■ **Task instructions**
Set down the full listing below word for word; pictures stay out of the copy.

■ **Dataset section**
# # # # # # #
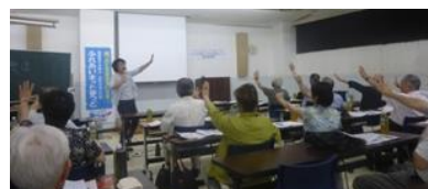
7/24(日)生活支援実務研修会
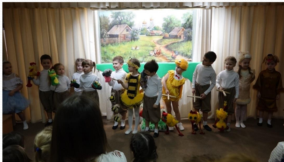
Театральная студия «Кукляндия» Спектакль «Рукавичка» 2020г.
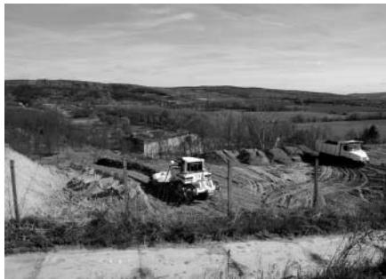
Zahájení terénních úprav v lokalitě Starých hor. V těchto místech zanedlouho vyroste sklepní ulička Starohorka.

Stroje společnosti Hochtief začaly ve středu, dne 6. března 2011, připravovat stavební plochu na výstavbu sklepní uličky Starohorka, která leží na úpatí nejlepší vinařské trati ve Velkých Pavlovicích – Staré hory. Přesun plánovaného množství zeminy by měli stavaři zvládnout během tří dubnových týdnů.
# # # # # # #
■ **Solution below**
7/24(日)生活支援実務研修会
Театральная студия «Кукляндия» Спектакль «Рукавичка» 2020г.
Zahájení terénních úprav v lokalitě Starých hor. V těchto místech zanedlouho vyroste sklepní ulička Starohorka.

Stroje společnosti Hochtief začaly ve středu, dne 6. března 2011, připravovat stavební plochu na výstavbu sklepní uličky Starohorka, která leží na úpatí nejlepší vinařské trati ve Velkých Pavlovicích – Staré hory. Přesun plánovaného množství zeminy by měli stavaři zvládnout během tří dubnových týdnů.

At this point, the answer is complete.